EXERCISE DETAILS
Output every entry exactly as written, but omit the pictures.

══════════════════════════════

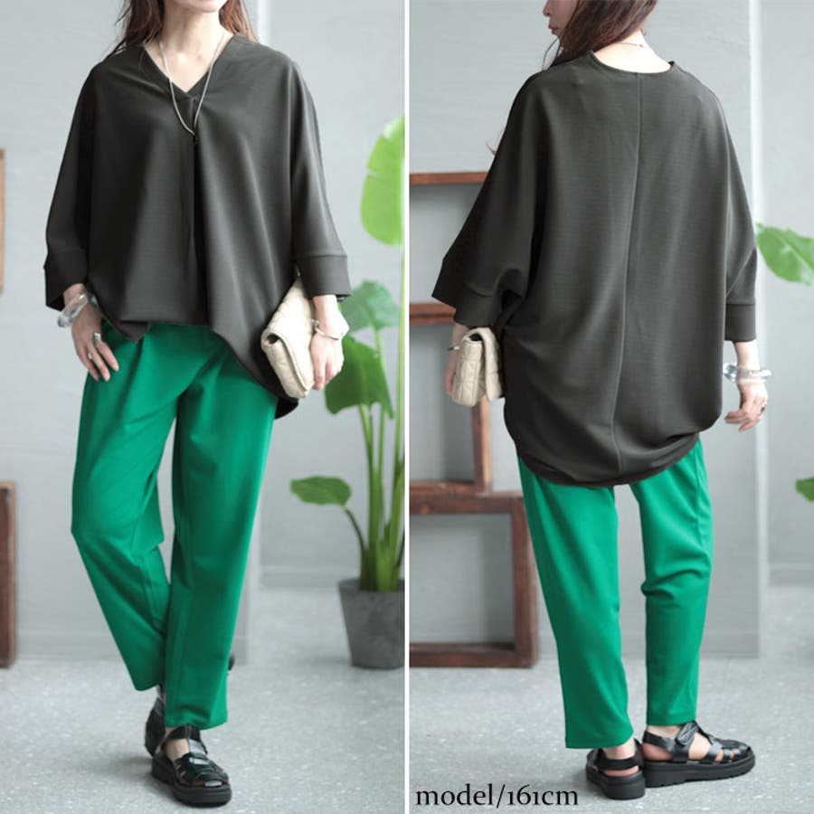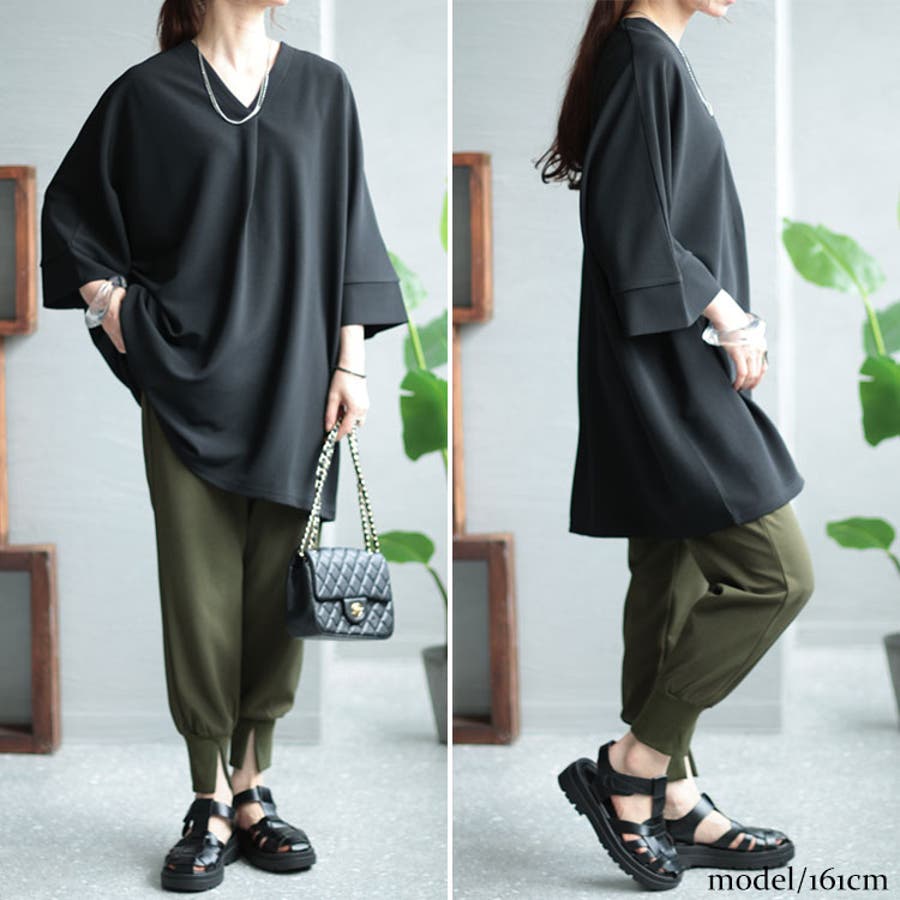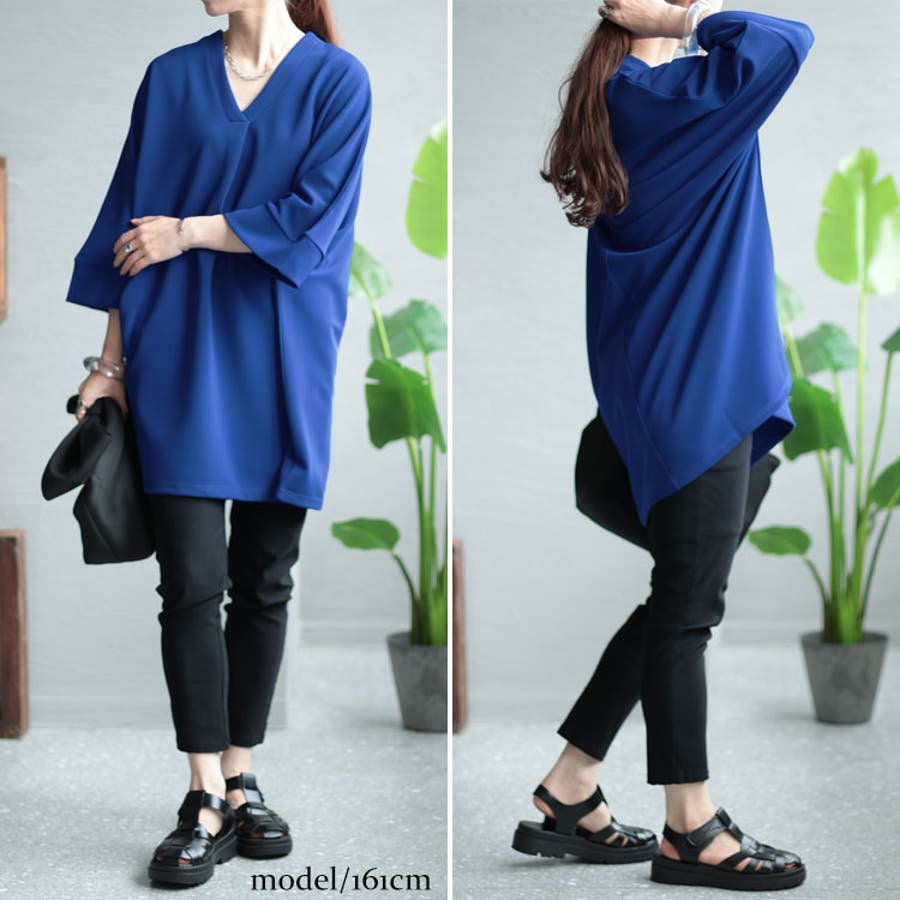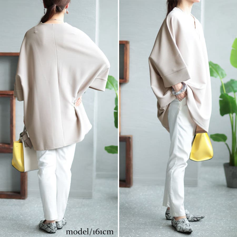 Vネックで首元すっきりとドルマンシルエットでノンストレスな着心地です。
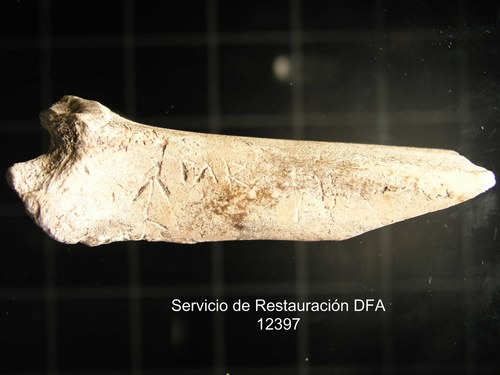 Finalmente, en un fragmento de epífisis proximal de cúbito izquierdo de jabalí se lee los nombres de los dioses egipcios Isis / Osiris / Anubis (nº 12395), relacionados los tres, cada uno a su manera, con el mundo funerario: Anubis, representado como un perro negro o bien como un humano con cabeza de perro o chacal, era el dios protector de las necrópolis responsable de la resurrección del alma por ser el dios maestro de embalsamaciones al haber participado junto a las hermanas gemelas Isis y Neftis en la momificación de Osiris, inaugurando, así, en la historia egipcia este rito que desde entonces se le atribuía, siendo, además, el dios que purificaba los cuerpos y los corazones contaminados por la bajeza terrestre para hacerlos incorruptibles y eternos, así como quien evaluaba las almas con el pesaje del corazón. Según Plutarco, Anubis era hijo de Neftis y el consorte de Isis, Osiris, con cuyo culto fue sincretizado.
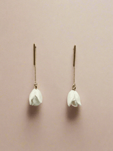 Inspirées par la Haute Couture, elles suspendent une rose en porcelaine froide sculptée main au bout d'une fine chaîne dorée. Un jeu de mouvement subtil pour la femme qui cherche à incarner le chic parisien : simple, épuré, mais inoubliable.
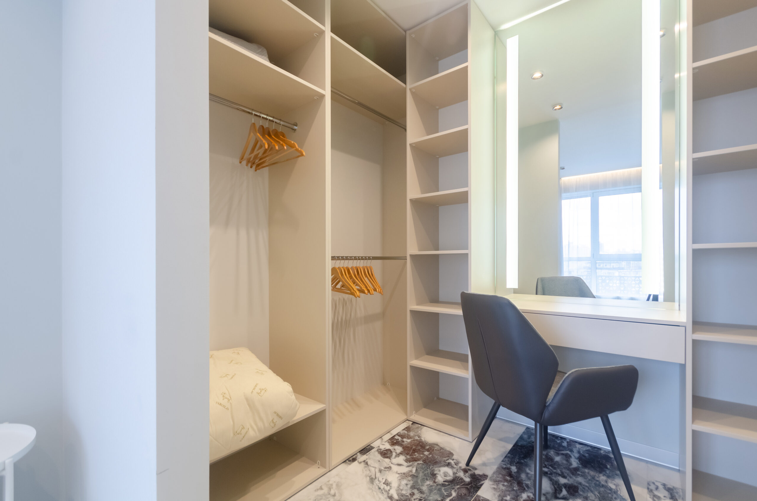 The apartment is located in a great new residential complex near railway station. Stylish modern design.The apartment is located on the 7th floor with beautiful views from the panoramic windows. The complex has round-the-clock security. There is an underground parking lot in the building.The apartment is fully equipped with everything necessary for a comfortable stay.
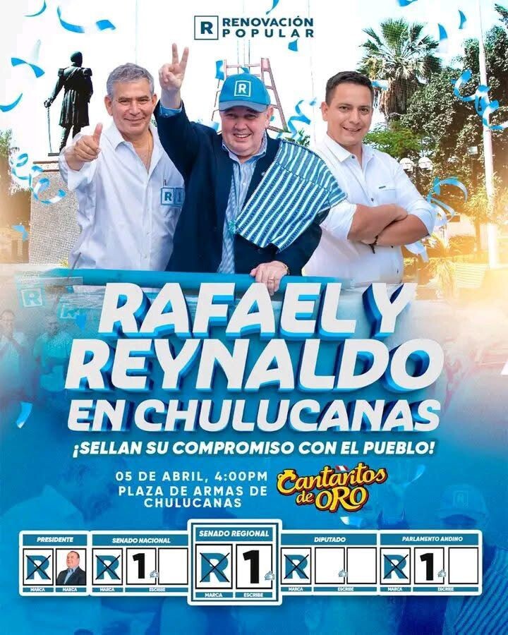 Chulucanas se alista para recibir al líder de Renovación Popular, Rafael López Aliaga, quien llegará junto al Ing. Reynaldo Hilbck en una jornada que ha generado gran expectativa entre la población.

══════════════════════════════

TASK RESULT
 Vネックで首元すっきりとドルマンシルエットでノンストレスな着心地です。
 Finalmente, en un fragmento de epífisis proximal de cúbito izquierdo de jabalí se lee los nombres de los dioses egipcios Isis / Osiris / Anubis (nº 12395), relacionados los tres, cada uno a su manera, con el mundo funerario: Anubis, representado como un perro negro o bien como un humano con cabeza de perro o chacal, era el dios protector de las necrópolis responsable de la resurrección del alma por ser el dios maestro de embalsamaciones al haber participado junto a las hermanas gemelas Isis y Neftis en la momificación de Osiris, inaugurando, así, en la historia egipcia este rito que desde entonces se le atribuía, siendo, además, el dios que purificaba los cuerpos y los corazones contaminados por la bajeza terrestre para hacerlos incorruptibles y eternos, así como quien evaluaba las almas con el pesaje del corazón. Según Plutarco, Anubis era hijo de Neftis y el consorte de Isis, Osiris, con cuyo culto fue sincretizado.
 Inspirées par la Haute Couture, elles suspendent une rose en porcelaine froide sculptée main au bout d'une fine chaîne dorée. Un jeu de mouvement subtil pour la femme qui cherche à incarner le chic parisien : simple, épuré, mais inoubliable.
 The apartment is located in a great new residential complex near railway station. Stylish modern design.The apartment is located on the 7th floor with beautiful views from the panoramic windows. The complex has round-the-clock security. There is an underground parking lot in the building.The apartment is fully equipped with everything necessary for a comfortable stay.
 Chulucanas se alista para recibir al líder de Renovación Popular, Rafael López Aliaga, quien llegará junto al Ing. Reynaldo Hilbck en una jornada que ha generado gran expectativa entre la población.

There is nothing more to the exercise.